Friday, September 14, 2007

Another Week

I "survived" another week. What have I accomplished? What have I done? Well, pretty much nothing. I have no mandate to do what i was employed to do. Living on borrowed time is really quite painful. Knowing that there is much to do, but not being able to do anything is such a torture. The thought of throwing the letter now has crossed my mind, and the urge has been getting ever stronger by the day. But, I know I cannot be rash. I simply need the money.

Like my friend mentioned, given my experience, I should have no lack of offers. Well, in my current state of mind, I really dunno. I mean, I have amassed enough experience to confidently go forth and explore. But therein lies the problem. Confidence is so fragile, it can be easily shattered. Mine has been shattered since I moved into my current seat.
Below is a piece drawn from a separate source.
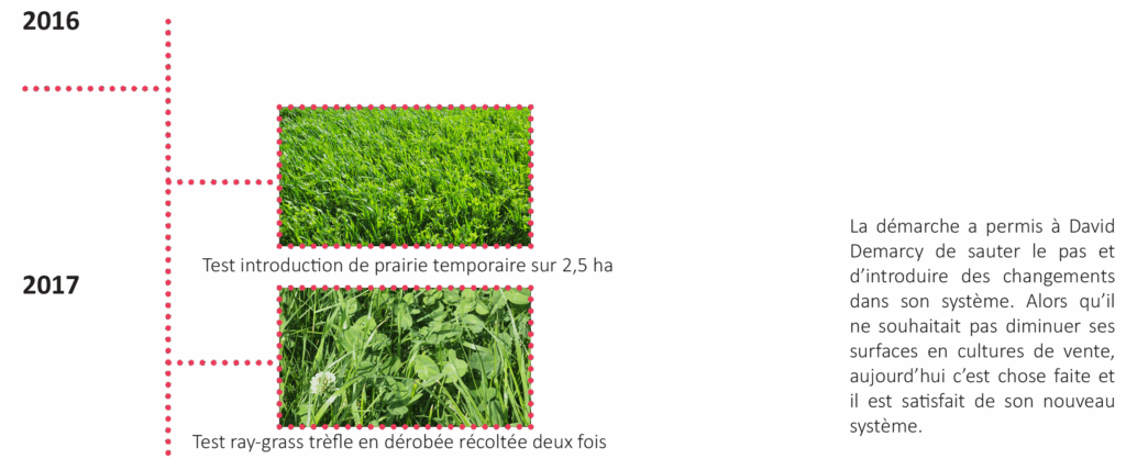 D’après David Demarcy, cette étape lui a permis de conforter ses réflexions personnelles et de sauter le pas pour mettre en place certains changements. Dont des changements impactant la surface en cultures de vente.
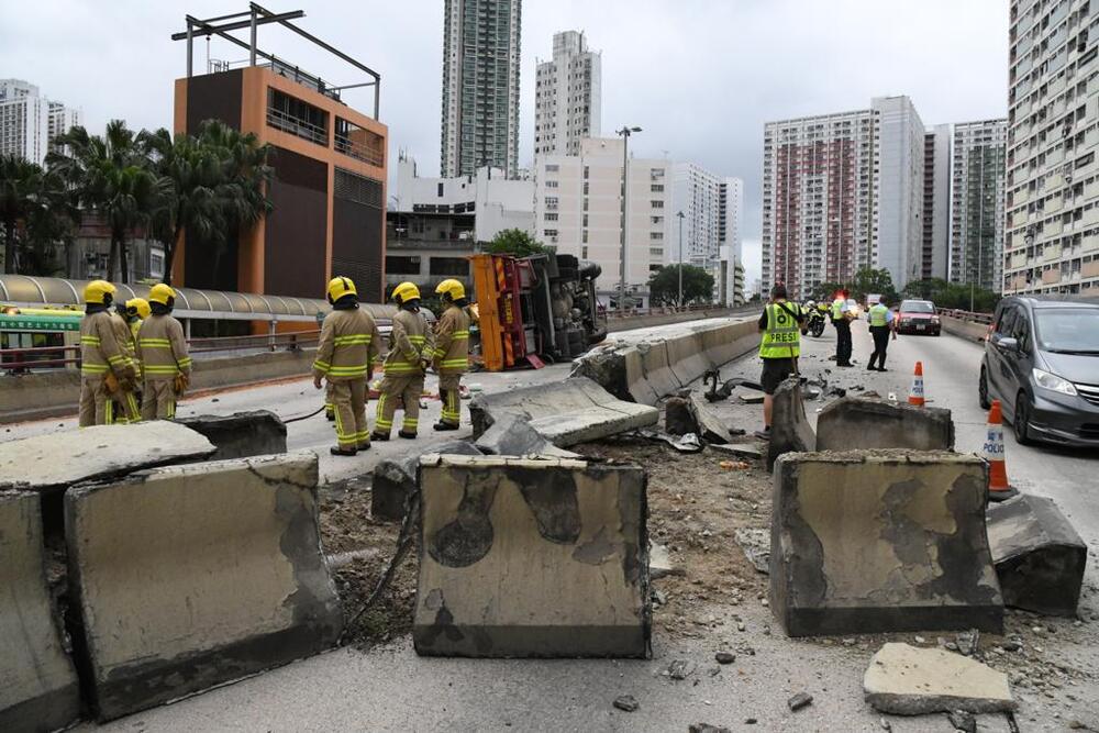 The crane truck traveling along Lung Cheung Road towards Kwun Tong crashed and overturned near a flyover at Choi Hung Estate.

I guess I have moved from being in a position to effect change to a position where I have no room to even make suggestions. Its not like I am an egotistical maniac, just that the company now has a culture that simply shouts for change, but when change is proposed, there are too many possible conflicts that they would eventually revert to the status quo. And I am not even talking about change that would transform, but merely suggestions to make things move in a different manner, for the good of every one concerned. oh well, its not my fight to fight, and to quote my previous director's words, we must pick the fights, the correct fights.

There are 2 certainties now. I will be leaving. I will be leaving by the end of October. In the meantime, i will do my utmost to leave on a good note. I will contribute wherever I can, and leave my mark in this month or so before I do leave.